We have a problem here, because CTEs cannot be indexed, even if we create the index using the WITH SCHEMABINDING clause. This is very unfortunate, as CTEs are prime candidates for indexing, given that a single query may JOIN against a CTE multiple times.
There is a workaround though! It involves the use of something called a table variable. Just like you can have integer or varchar variables, you can also have table variables. Table variables are good because they can be indexed, though the index must be clustered. Table variables also automatically get flushed at the end of a script execution, so there's no need to do your own garbage collection at the conclusion of a query.

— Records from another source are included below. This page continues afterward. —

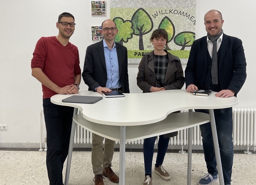 Wegen der anhaltenden Corona-Pandemie wurde die „offizielle“ Einsetzung unseres neuen Schulleiters Dr. Bernd Kinzl immer wieder verschoben und steht immer noch aus. Bevor nun die Schule zum erneuten „Lockdown“ ganz geschlossen wird, überreichte am Montag 14.12. eine kleine Abordnung aus dem Lehrerkollegium ihrem neuen Chef einen Willkommensgruß. Das „Willkommensbild“ aus dem Eingangsbereich der Parkschule wurde modifiziert und ziert nun in den kommenden Jahren das Rektorat: Herzliche Willkommen an der Parkschule Essingen, Herr Dr.Kinzl!
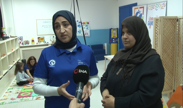 Çocuklarla birlikte ebeveynlere de destek verdiklerini, eğitimlerle çocuklara olan davranışlarla birlikte çocuğun gelişimine destek verdiklerini vurgulayan, çocuk gelişimi ve uzmanı Aleyna Sarıkaya, “Burada çocuklarımızla tanışma sürecinde ilk başta 5 gelişim alanlarını değerlendiriyoruz. Çocukların güçlü ve desteklenmeye ihtiyacı olduğu yanlarını ortaya çıkardıktan sonra ailelerle işbirliği yaparak oyun temelli bir müdahale planı uyguluyoruz. Hem burada çocuğun gelişimini desteklerken hem de aslında çocuğun hakkı olan oyuna erişimini sağlıyoruz. Burada bulunan çeşitli materyallerin hepsi çocukların farklı gelişim alanlarını desteklemek üzere üzerinde düşünülmüş şekilde alana yerleştirildi. Aynı zamanda alanın güvenliği de ayrıca gözetildi. Çünkü çalıştığımız grup hem özel gereksinimli hem normal gereksinimli hem de küçük yaşlarda olduğu için alanın tasarımında güvenliğe çok önem verdik. Çocukların oyuna güvenle ve şefkatle erişebilmesi için bizler burada gayret ediyoruz. Hem oyunla gelişsinler hem haklarına erişsinler hem de oyunla güçlensinler istiyoruz” açıklamalarında bulundu.
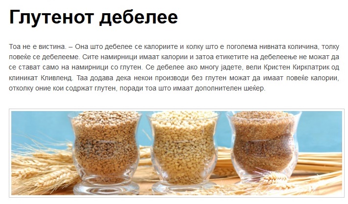 Глутенот всушност се протеини кои се наоѓаат во пченицата, ‘ржта и јачменот. Постојат повеќе сознанија во врска со штетноста на глутенот.
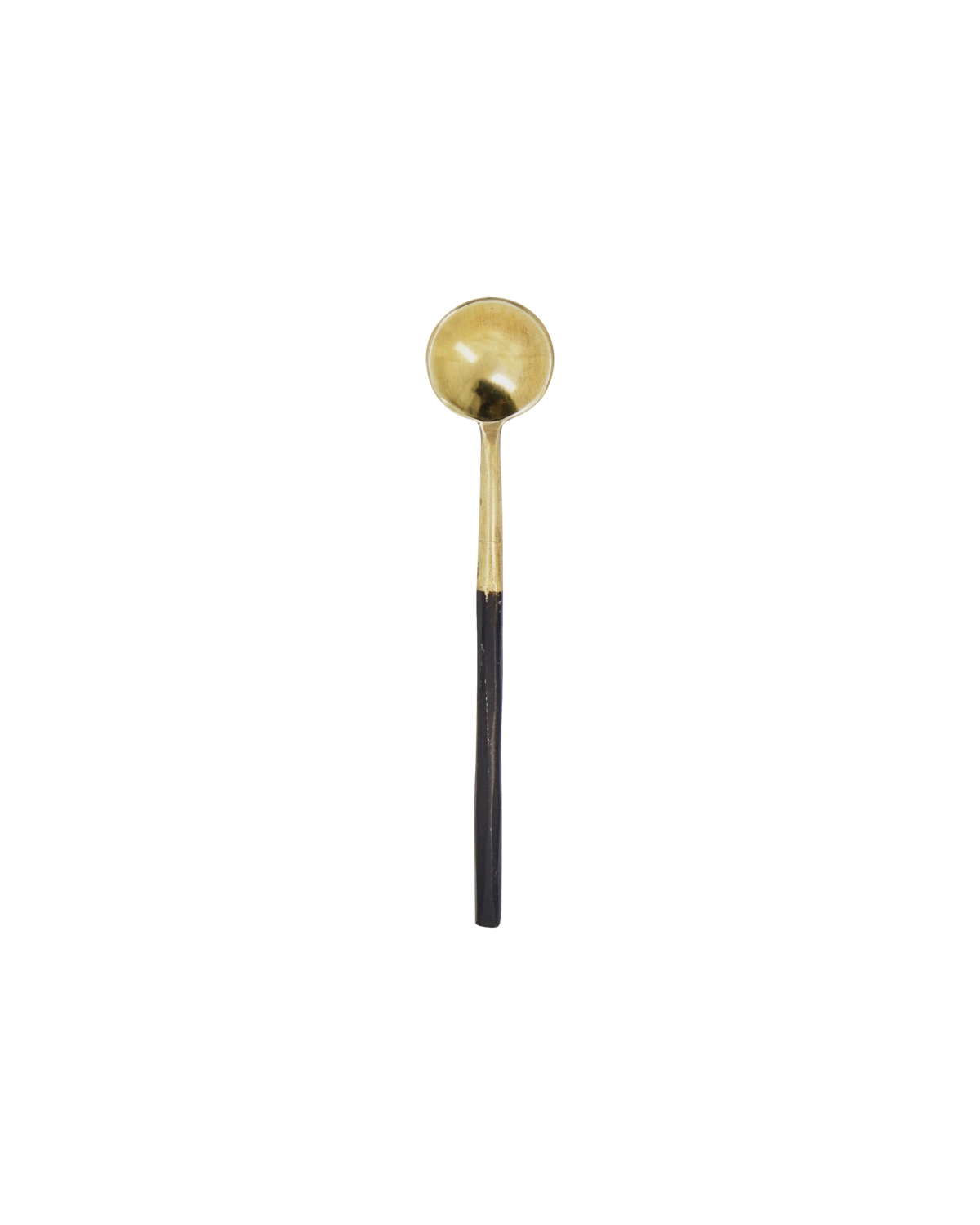 Et sæt med fire håndlavede køkkenredskaber i antik messing og sorte håndtag giver et unikt og varmt udtryk i dit køkken. De er formet med organiske linjer, som gør hvert redskab til noget særligt. Dæk op til både hverdag og fest, og lad redskabernes æstetik løfte din borddækning med et strejf af personlighed og ægte håndværk.- Sæt med 4 redskaber- Håndlavet og unikt design- Rustfrit stål og antik messing- Organisk, dekorativ formSkab stemning og stil, uanset om du serverer til morgenmad, frokost eller middag.
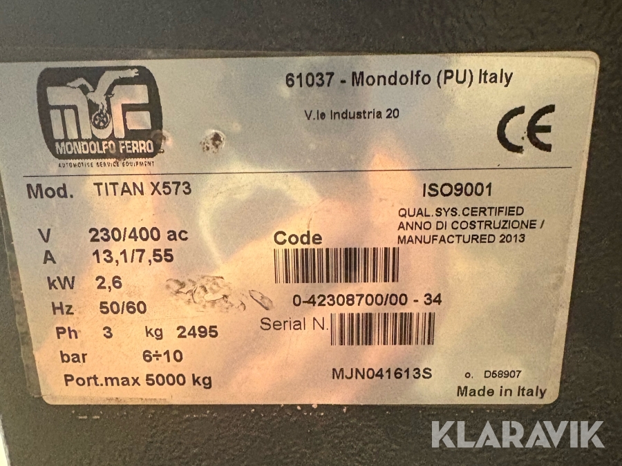 Fordonslyft Mondolfo Ferro Titan X573
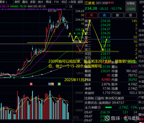 今天算力大涨,其分支存储芯片也分得一杯羹,但是算力分化严重,目前除了光模块龙头还在强势突进,其余的普遍已经大回踩,江波龙虽然符合预期在230稳住了,但是也横盘了两周才反弹,比起$兆易创新(SH603986)$ 波动要大,但是走势稍微滞后,后面还是兆易比较稳。还有就是光模块龙头$中际旭创(SZ300308)$ 。其余的电源设备,液冷这些会比较弱。PCB也分化严重。后面关注谷歌链为主
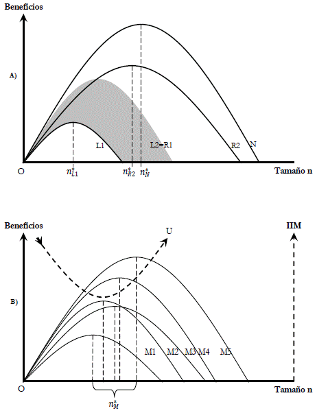 Esta figura presenta una extensión del modelo propuesto por Oates (1972); en el cual, los beneficios derivados de la provisión de un determinado bien público están en función del tamaño de la población que lo consume. La eficiencia económica expresada por los beneficios de esa población dependerá de que la provisión corresponda con las preferencias ciudadanas, las cuales tienden a variar con el incremento de su tamaño. De esta manera, cuando el tamaño de la población crece, la probabilidad de que las preferencias ciudadanas asociadas a los bienes públicos también aumenta y los beneficios por el consumo de ese determinado bien tenderán a disminuir.
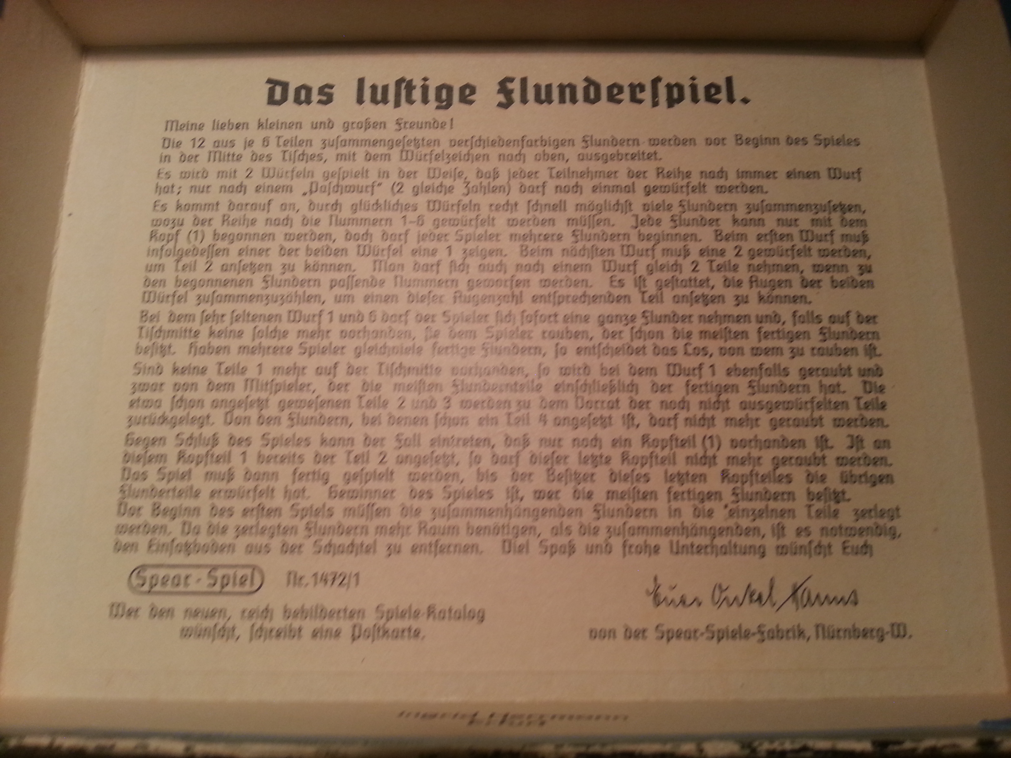 Da also „Onkel Hanns“ die Firma Spear-Spiele 1938 übernommen hatte, ab Sept. 1941 kein Sütterlin mehr gestattet war, gehe ich davon aus, daß das Spiel irgendwann in diesem engen Zeitrahmen hergestellt wurde.
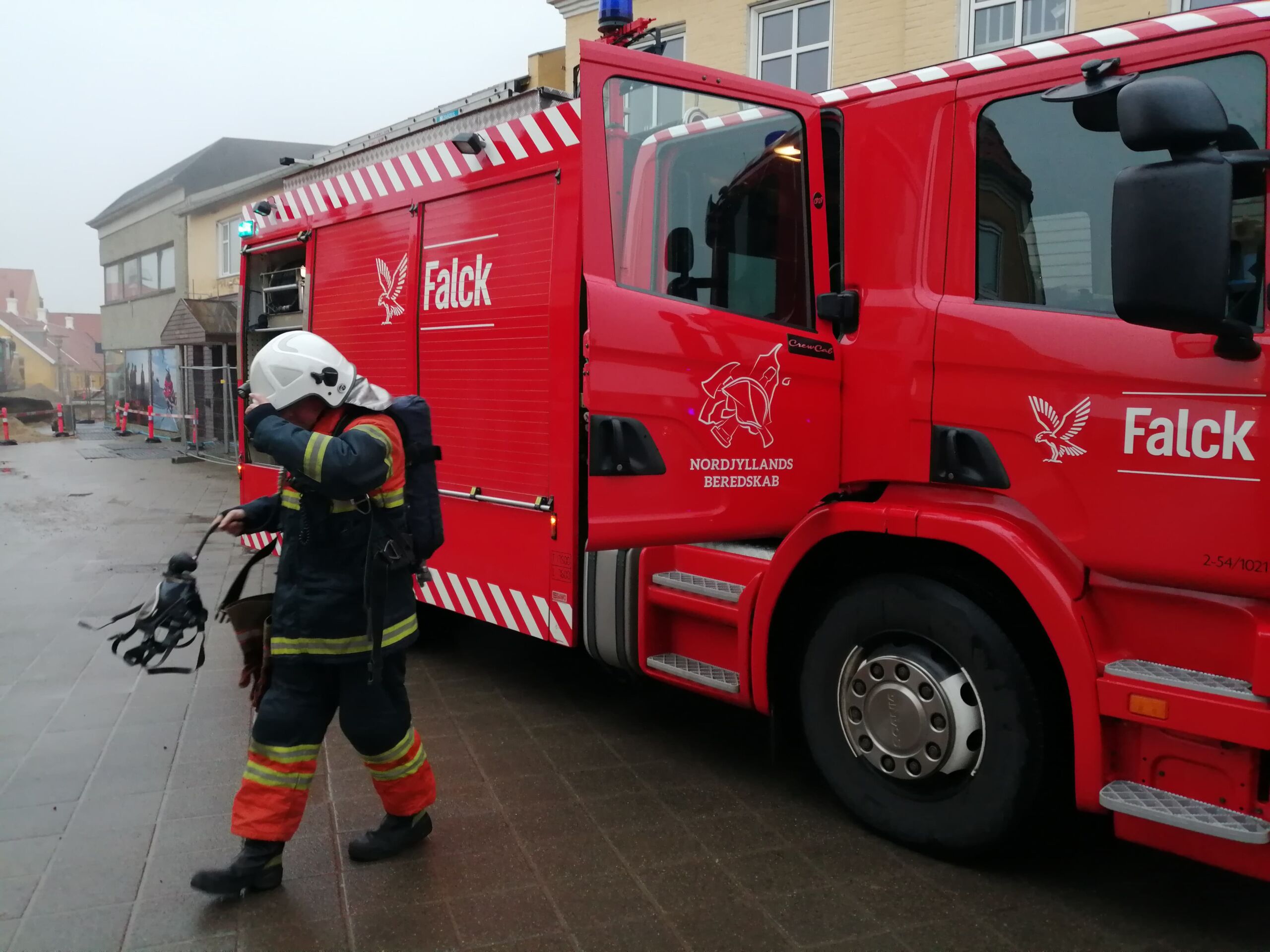 Klokken 18:15 søndag aften modtog Nordjyllands Beredskab en melding om sort røg fra det gamle slagteri i Hjørringgade i Hirtshals.

By using iterators wisely, we can circumvent the usage of CTEs by building our own table in a table variable, with full indexing, and all the information that a CTE ordinarily provides:
-- Set @StartNode to the ID of the absolute parent you want to capture
-- Set @StartNode to NULL to capture the tree from the absolute root nodes
DECLARE @StartNode AS int = NULL;
-- Set @MaxRecursions to the relative depth you want to traverse to from the @StartNode
-- Set @MaxRecusrions to NULL to capture the entire depth of the tree
DECLARE @MaxRecursions AS int = NULL;
-- @Counter is used during the recursive iterator to map out the depth of nodes
DECLARE @Counter tinyint = 0;
-- @Indent is the string you wish to indent with. I have chosen a double space as the indent
DECLARE @Indent AS nvarchar(8) = ' ';
-- @SortKeySeparator is the character used as a separator between node descriptions
-- The pipe symbol is a good choice, as it resides after most common ASCII characters, and is rarely used in descriptions
DECLARE @SortKeySeparator AS nvarchar(1) = '|';
DECLARE @ParentIDPair table
(
ID int NOT NULL,
ParentID int NULL,
Depth tinyint NOT NULL,
PRIMARY KEY CLUSTERED (ID, Depth)
)
DECLARE @LocationTree table (
ID int NOT NULL,
ParentID int NULL,
Depth int NOT NULL,
Name nvarchar(1024) NULL,
SortKey nvarchar(1024) NULL,
Indent nvarchar(64) NOT NULL,
PRIMARY KEY CLUSTERED (ID, Depth)
)
-- Set the root nodes
INSERT INTO @LocationTree (
ID,
ParentID,
Depth,
Name,
IndentedLabel,
SortKey,
Indent
)
SELECT
ID,
ParentID,
0,
CONVERT(nvarchar(1024), Name),
CONVERT(nvarchar(1024), Name),
CONVERT(nvarchar(1024), Name),
@Indent
FROM Locations
WHERE (
@StartNode IS NULL AND ParentID IS NULL
) OR (
@StartNode IS NOT NULL AND ParentID = @StartNode
)
-- Set the root node parenting relationships
INSERT INTO @ParentIDPair(ID, ParentID, Depth)
SELECT
Locations.ID,
Locations.ParentID,
@Counter
FROM @LocationTree AS Parent
INNER JOIN Locations ON Locations.ParentID = Parent.ID
GROUP BY Locations.ID, Locations.ParentID
-- Recursively populate the tree
WHILE @@ROWCOUNT > 0 AND (@Counter < @MaxRecursions - 1 OR @MaxRecursions IS NULL)
BEGIN
SET @Counter += 1
INSERT INTO @LocationTree (
ID,
ParentID,
Depth,
Name,
IndentedLabel,
SortKey,
Indent
)
SELECT
Locations.ID,
Locations.ParentID,
@Counter,
CONVERT(nvarchar(1024), Locations.Name),
CONVERT(nvarchar(1024), Parent.Indent) + CONVERT(nvarchar(1024), Locations.Name),
CONVERT(nvarchar(1024), Parent.SortKey) + @SortKeySeparator + CONVERT(nvarchar(1024), Locations.Name),
Parent.Indent + @Indent
FROM Locations
INNER JOIN @ParentIDPair AS Pairing ON (Locations.ID = Pairing.ID)
LEFT OUTER JOIN @LocationTree AS Parent ON (Parent.ID = Locations.ParentID)
WHERE Parent.Depth = @Counter - 1
INSERT INTO @ParentIDPair (ID, ParentID, Depth)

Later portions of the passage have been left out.